■ TASK DETAILS:
Copy the closing run of lines, from the one with "A studio portrait" through the last line of the listing, exactly and without any pictures.

------------------------------------

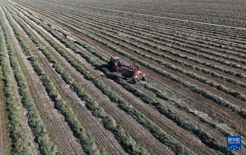 11月1日,工人駕駛拖拉機在甘肅山丹馬場二場田間翻曬燕麥草(無人機照片)。(新華社發(fā) 陳禮 攝)
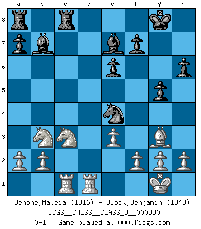 Last move : 0-1 2021 January 30 12:19:21 [Event "FICGS__CHESS__CLASS_B__000330"] [Site "FICGS"] [Date "2020.09.05"] [Round "1"] [White "Benone,Mateia"] [Black "Block,Benjamin"] [Result "0-1"] [WhiteElo "1816"] [BlackElo "1943"] 1.Nf3 d5 2.d4 Nf6 3.c4 e6 4.Nc3 Be7 5.Bg5 h6 6.Bh4 O-O 7.e3 b5 8.Nxb5 c6 9.Nc3 Nbd7 10.Bd3 Qb6 11.Rb1 dxc4 12.Bxc4 c5 13.O-O cxd4 14.Nxd4 Bb7 15.Qb3 Rfc8 16.Rbc1 g5 17.Bg3 Qxb3 18.Bxb3 Nc5 19.Rfd1 Nxb3 20.Nxb3 Ne4 0-1 This chess game has been lost on time (started : 2020.09.05 17:6:11) Follow this game move after move (download)The hardest game to win is a won game. (Emanuel Lasker) Privat ist Kortschnoi kein schlechter Mensch, sehr sympathisch. Aber während des Spiels ist er grausam. Er will dich töten. (Miguel Najdorf) Si tu oponente no puede hacer nada activo, entonces no apures la posición; En vez de eso, dejalo estar sentado ahí, sufriendo y rogandote por un empate. (Jeremy Silman) Comme les marins qui ont mille raisons différentes d'aller en mer, les joueurs d'échecs en ont tout autant avant de s'installer devant une table et jouer... (Vincent Bertignac, philosophe) Wisdom is the reward you get for a lifetime of listening when you'd have preferred to talk. (Doug Larson)
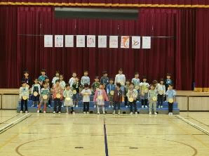 2年生〜6年生のお兄さんお姉さんに入学をお祝いしてもらって、1年生はとてもうれしそうでした。
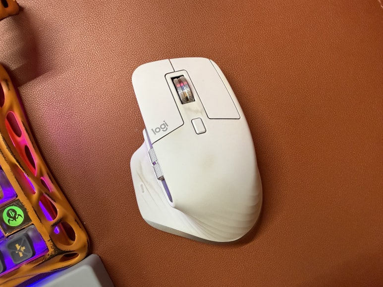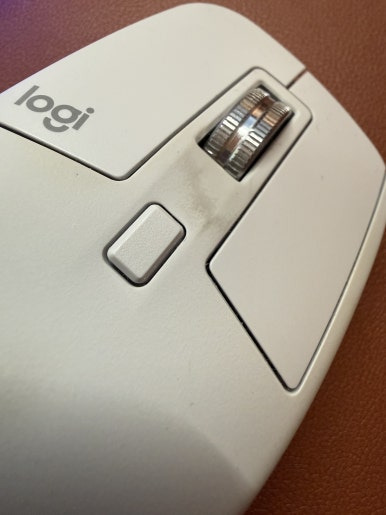 이넘의 고질병이라고 해야 하나요. 이전에 MX Master 3를 사용할 때는 블랙 색상이라 이렇게 때가 타는 모습을 눈으로 확인을 못하고 사용하였는데, 요거 3S는 화이트 기반이라, 얼마 사용하지 않았지만 요렇게 벌써 엄지손가락 부분과 휠 주변으로는 저 모양입니다.
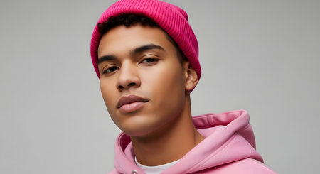 A studio portrait of a young, stylish man looking confidently at the camera. He is wearing a bright pink beanie and a matching pink hoodie against a plain light gray background.
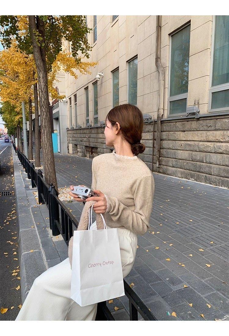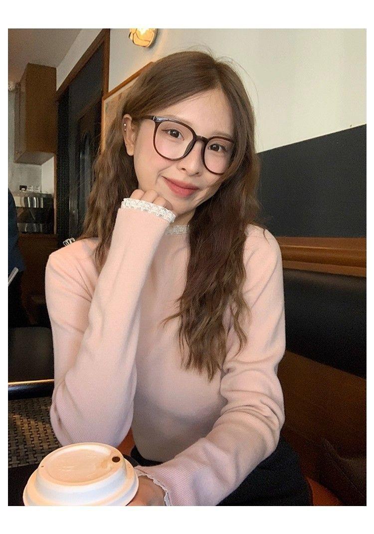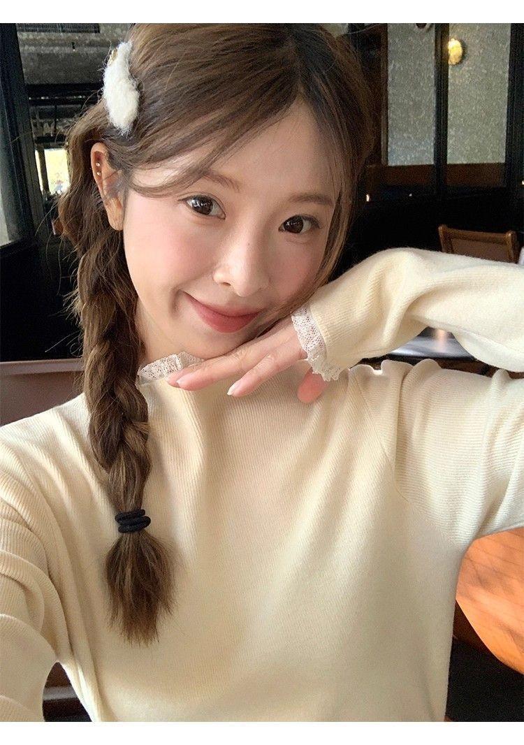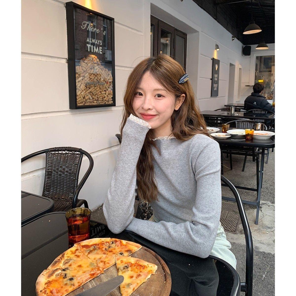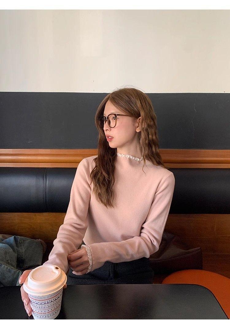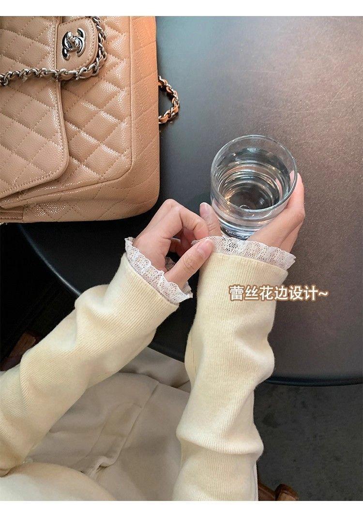 Camisa básica de punto con cuello de encaje suave y versátil estilo ins coreano 2025 otoño nuevo temperamento adelgazante top interior
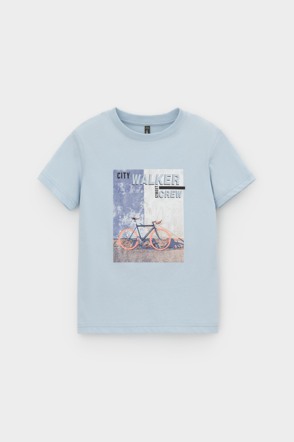 Футболка для мальчика из высококачественного трикотажного полотна. Оригинальный принт выполнен из стойких текстильных гипоаллергенных красителей. Для удобства в размерах 92 и 98 на плече есть застежка на кнопки.
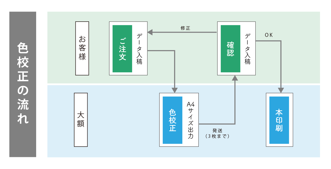 ・色校正紙到着後、修正がある場合は、修正後のデータをお送りください。
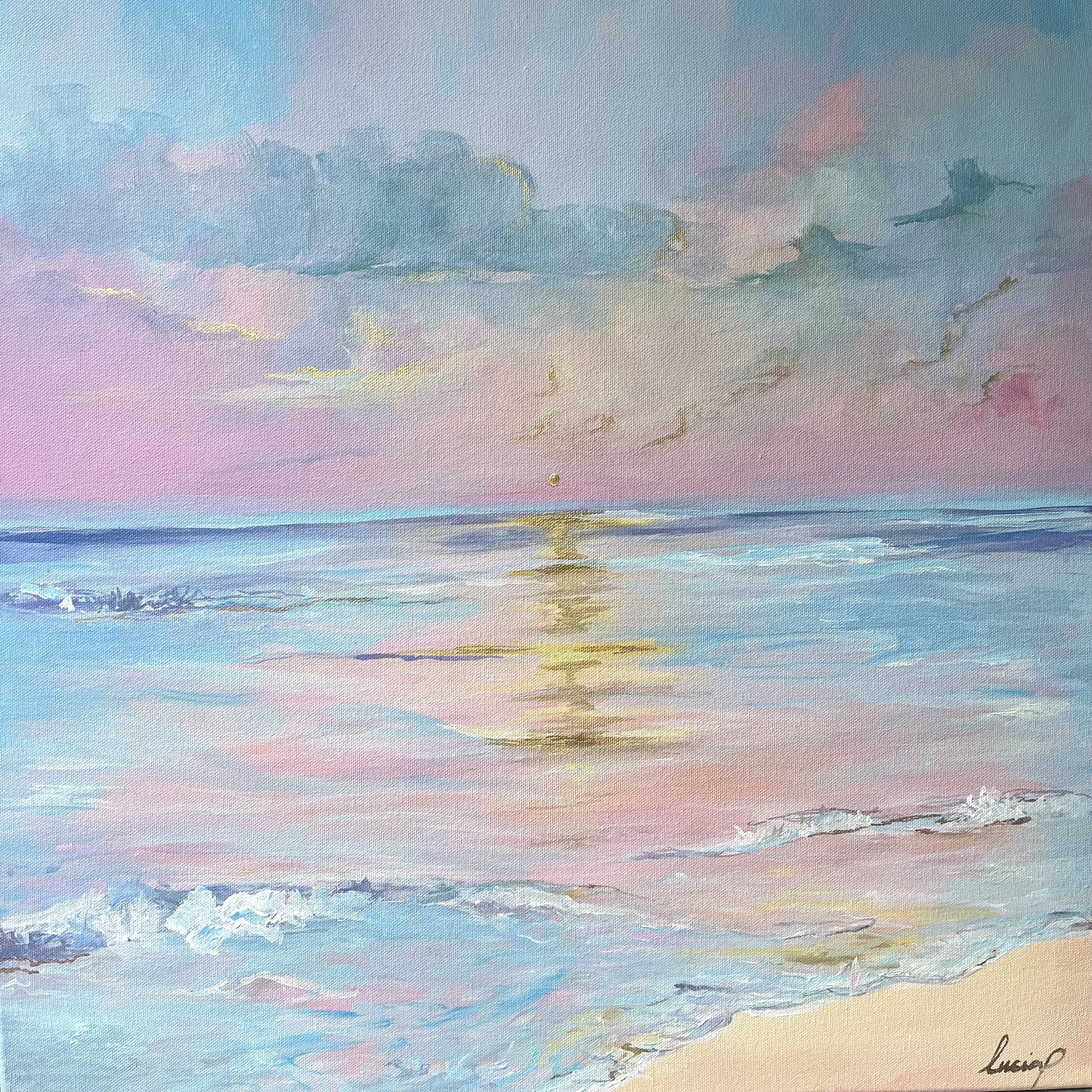 Lucia's inspiration for the sunset paintings is to transport the viewer to a moment to serenity and thoughtful thinking, where worries fade away as you focus on something that’s greater than us - the radiance of the sun, and all that remains is the present moment. Creating a space for positive self-reflection, the Artist invites the viewers to find a moment of serenity during the sometimes chaos of everyday life.

------------------------------------

■ TASK OUTPUT:
 A studio portrait of a young, stylish man looking confidently at the camera. He is wearing a bright pink beanie and a matching pink hoodie against a plain light gray background.
 Camisa básica de punto con cuello de encaje suave y versátil estilo ins coreano 2025 otoño nuevo temperamento adelgazante top interior
 Футболка для мальчика из высококачественного трикотажного полотна. Оригинальный принт выполнен из стойких текстильных гипоаллергенных красителей. Для удобства в размерах 92 и 98 на плече есть застежка на кнопки.
 ・色校正紙到着後、修正がある場合は、修正後のデータをお送りください。
 Lucia's inspiration for the sunset paintings is to transport the viewer to a moment to serenity and thoughtful thinking, where worries fade away as you focus on something that’s greater than us - the radiance of the sun, and all that remains is the present moment. Creating a space for positive self-reflection, the Artist invites the viewers to find a moment of serenity during the sometimes chaos of everyday life.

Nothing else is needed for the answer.